Hindu-Muslim baith ke khaye ek thali mei, aisa Hindustan bana de ya Allah
(Ya Allah let there be an India where Hindus and Muslims sit together and eat from the same plate)
-excerpt from the video of a prayer recited by Mohammad Saad,
a 22 Year old odf Naib Imam, who was killed in Anjuman Jama Masjid Attack
on August 01, 2023 in Gurgaon.
On August 3, 2023, two CPIML-AICCTU fact finding teams visited Sohna and Nuh (originally Mewat, renamed as Nuh in 2016) in Haryana. These areas witnessed intense communal provocation by right-wing groups on July 31, 2023, which was followed by violence in which 6 people were killed, several homes were destroyed, and shops owned by Muslims were burnt down.
One team comprising (FFT1) of members of the CPIML Central Headquarter Team: Com. Prem Singh Gahlawat, Com. Ravi Rai, Com. Shweta Raj, Com. Akash Bhattacharya, and Com. V. Arun met several affected families and visited the affected areas in Nuh, Sohna, and their surroundings.
A second team (FFT2) composed of AICCTU members Com. Abhishek, Amarnath Sharma and Advocate Ganesh (a Human Rights Lawyer) visited Muslim working-class colonies in Parla Village near Sector 70A, Bhondsi, and similar colonies in Sohna village.
The teams tried to piece together the correct sequence of events that led to the violence and crosschecked the current ground situation with what was being reported in the leading news channels. Both the teams reached similar conclusions: the media portrayal of the violence as anti-Hindu riot do not stand the test of facts.
The recent incidents are part of a pattern of Hindu majoritarian violence centred primarily on cow vigilantism over the last few years. The highly provocative Shobha Yatra, which triggered the violence, has also grown in aggression in the recent past under the patronage of the infamous Bajrang Dal known for indulging in communal violence.
Indeed, Hindu majoritarian groups have made consistent attempts in the recent past to rip apart the syncretic fabric of the region. The Anti Cow Slaughter Act has been cleverly used to foster cow vigilantism which has led to multiple lynchings. These have often been followed by mahapanchayats which have called for vengeance against Muslims. The administration failed to check the growth of these violent tendencies and failed to prevent the recent incidents despite ample warnings. This turn of events was thus unprecedented in the region but not unexpected.
The recent attacks were well-orchestrated and targeted the Muslim community – both local residents and migrant workers – while the administration looked the other way. Despite requests by citizens and local leaders to stop the Shobha Yatra and act against the provocative videos which had been let lose prior to the Yatra, the police did nothing. Neither did they do enough to check the violence once it had started. In the aftermath, instead of conducting a free and fair investigation, the police have arrested scores of young Muslim men and dished out ‘bulldozer justice’ to Muslims.
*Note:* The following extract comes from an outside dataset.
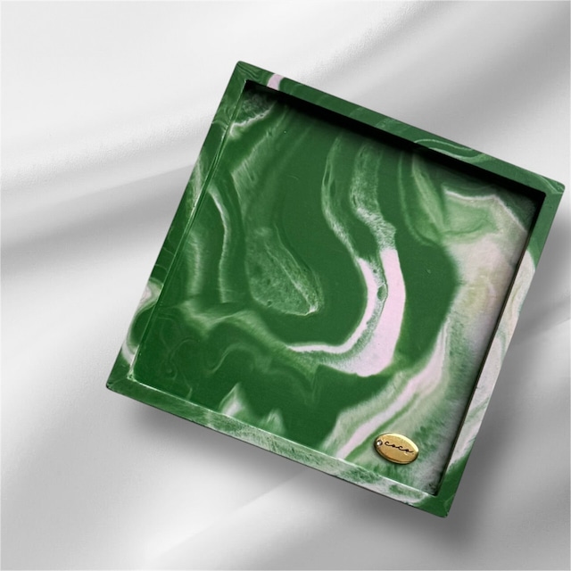 【 SALE |10%OFF 】 「 スクエアフォルムが映える、coco.タグ付きトレイ 」 スクエアデザインに、 coco.のロゴタグを添えたスクエアトレイ。 ジェスモナイト特有のなめらかな質感と、 奥行きを感じるマーブル模様が、 空間に落ち着きと洗練された印象をプラスします。 アクセサリーやリング、鍵などの小物置きとしてはもちろん、 デスクや棚の上に置くだけで、 インテリアのアクセントとしてもお楽しみいただけます。 シンプルながらも存在感があり、 韓国インテリアやモダン、ミニマルな空間にぴったりです。 ………………………………………… □ 素材 ジェスモナイト ※ 表明はコーティング加工を施しており ツヤのある仕上がりです □ 重さ 約 115g □ サイズ 約 10 × 10cm ………………………………………… □ ジェスモナイトとは ジェスモナイトとは樹脂でありながら、従来の一般的な油性樹脂とは質感が異なり、 プラスチック特有のテカリ感がほとんどなく、石のような落ち着いた風合いをもつ素材です。 ※すべてハンドメイドの為、イッテンモノです。 ………………………………………… □ お取り扱いについて ・ 当店で取り扱うジェスモナイトは耐水性がないものですが 一時的に水がかかる分には問題ありません 濡れた場合や汚れた際にはタオルで拭いてください ( 長時間水につけておくと変色の可能性があります ) ・長時間水につけることや食品にはお使いいただけません 何か食べ物を置く場合はペーパー等を敷き 直接触れないようにしてお使いください ・非常に丈夫な素材ではありますが扱い方によっては 割れてしまうこともあります ・ジェスモナイトの性質上気泡が入り 欠けているようにみえるところもありますが 気泡もデザインの一部としてご理解いただけますと幸いです ………………………………………… □ 発送について 発送期間は5日以内を予定しております ………………………………………… □ 注意事項 ご購入前に「 ABOUT 」をお読みください https://coco0.official.ec/about お使いのモニター環境によって、実際の色と画面上の色が異なる場合がございますので ご了承ください ※既製品のような強度はございません。商品の取り扱いには十分ご注意ください ………………………………………… その他質問等がございましたら お気軽にお問合せください ………………………………………… ジェスモナイト ハンドメイド 小物プレート アクセサリートレイ カラフル 雑貨 ギフト ミニマルデザイン 撮影小物 ディスプレイ インテリア雑貨

The incidents in Haryana dovetail with the nationwide attempts to spread hatred, violence, and fear in the run up to the 2024 Lok Sabha elections. Manipur and Haryana: the two states are geographically distant and distinct, but politically proximate. Both states elected the Bhartiya Janata Party (BJP) to power, only to witness an orgy of violence targeted at particular communities and with a specific purpose: to maintain Hindu majoritarian rule beyond the 2024 Lok Sabha election, and to produce an irreparably majoritarian social fabric in the long run.
If you travelled from Delhi towards Alwar soon after the violence broke out, you would first encounter the burnt shops and damaged mosques in Sohna and then reach Nuh – the site of the Shobha Yatras which kickstarted the violence. Nuh, or Mewat was the epicentre of the provocation, Gurgaon of the violence. The twitter trends however suggested otherwise.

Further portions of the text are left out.